- Born: Virginia Maria Clara Prinzessin von und zu Fürstenberg 5 October 1974 Genoa, Italy
- Died: 10 May 2023 (aged 48) Merano, Italy
- Spouse: Baron Alexandre Csillaghy de Pacsér ​ ​(m. 1992; div. 2003)​ Paco Polenghi ​ ​(m. 2004, divorced)​ Janusz Gawronski ​ ​(m. 2017; div. 2020)​
- Issue: Baron Miklós Tassilo Csillaghy de Pacsér Baroness Ginevra Csillaghy de Pacsér Clara Bacco Dondi dall'Orologio Otto Leone Polenghi Santiago Polenghi

Names
- Virginia Maria Clara Prinzessin von und zu Fürstenberg
- House: Fürstenberg
- Father: Prince Sebastian zu Fürstenberg
- Mother: Elisabetta Guarnati

= Virginia von Fürstenberg =

Italian designer (1974–2023)

Princess Virginia Maria Clara von und zu Fürstenberg (Virginia Maria Clara Prinzessin von und zu Fürstenberg; 5 October 1974 – 10 May 2023) was an Italian artist, poet, filmmaker, and fashion designer.

== Early life and family ==
Princess Virginia von Fürstenberg was born in Genoa, Italy on 5 October 1974 to Prince Sebastian zu Fürstenberg (b. 1950) and his wife, Elisabetta Guarnati (b. 1951).
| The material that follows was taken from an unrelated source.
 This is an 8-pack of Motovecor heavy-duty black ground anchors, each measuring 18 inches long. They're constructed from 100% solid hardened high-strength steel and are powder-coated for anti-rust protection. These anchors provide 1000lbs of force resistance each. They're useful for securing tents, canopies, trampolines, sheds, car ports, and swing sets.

She was a member of an ancient Swabian House of Fürstenberg. Her paternal grandparents were Prince Tassilo zu Fürstenberg and Clara Agnelli. She was a niece of actress Princess Ira von Fürstenberg and fashion designer Prince Egon von Fürstenberg, the ex-husband of Diane von Fürstenberg. Von Fürstenberg was a first cousin of Prince Alexandre von Fürstenberg, Tatiana von Fürstenberg, Prince Hubertus of Hohenlohe-Langenburg, and the late Prince Christoph of Hohenlohe-Langenburg.

== Career ==
Von Fürstenberg was a fashion designer and creator of the fashion label Virginia Von Zu Furstenberg. She made her fashion debut in March 2011 at the Teatro Filodrammatici in Milan.

In September 2011, von Fürstenberg debuted a theatrical work titled DISMORPHOPHOBIA that combined spoken word, fashion, film, movement, and dance. She debuted her second collection at Milano Moda Donna in Milan on 23 September 2011. She also wrote poetry, and at times combined her poetry and fashion design in some of her work.
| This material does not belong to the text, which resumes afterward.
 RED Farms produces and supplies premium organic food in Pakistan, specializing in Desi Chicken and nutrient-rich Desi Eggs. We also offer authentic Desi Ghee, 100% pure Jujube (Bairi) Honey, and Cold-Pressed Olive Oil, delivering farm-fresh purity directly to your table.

In 2012, she collaborated with Tommaso Trak to shoot a film focusing on the life of her great-grandmother, Virginia Bourbon del Monte. In 2017, von Fürstenberg created an art installation dedicated to her mother titled There was a nice home, which was displayed at the Grossetti Arte Gallery in Venice.
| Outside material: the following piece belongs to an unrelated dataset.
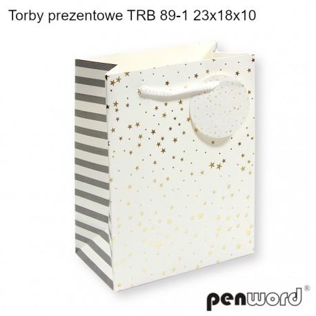 TORBY PREZENTOWE TRB 99-1 BN 23x18x10 [opakowanie=12szt]Torba prezentowa PENWORD TRB 99-1 BN o wymiarach 23 x 18 x 10 cm to elegancka oprawa prezentów, idealna na każdą okazję. Utrzymana w bieli i złocie, z dekoracyjnymi elementami w kształcie prezentów, zachwyca swoim wyrafinowanym wyglądem.

== Personal life and death ==
Von Fürstenberg married Baron Alexandre Csillaghy de Pacsér, a Hungarian nobleman, in 1992. Their son, Baron Miklós Tassilo Csillaghy, is an equestrian. Their daughter, Baroness Ginevra Csillaghy, has modeled for the Virginia Von Zu Furstenberg fashion line. She and Csillaghy de Pacsér divorced in 2003. In 2002, a year before her divorce was finalized, she gave birth to a daughter, Clara Bacco Dondi dall'Orologio, from her relationship with Giovanni Bacco Dondi dall'Orologio. In 2004, she married Paco Polenghi with whom she had two children, Otto Leone Maria Polenghi and Santiago Polenghi. Virginia and Polenghi later divorced. On 28 October 2017, she married Janusz Gawronski, Rawicz coat of arms, grandson of Jas Gawronski and a descendant of an ancient Polish noble family. In 2020, the couple divorced.

Von Fürstenberg went missing in October 2022 and again in February 2023, both times missing person reports were filed with Italian police.

She died on 10 May 2023, aged 48, after a falling from an upper-floor balcony at the Palace Hotel in Merano.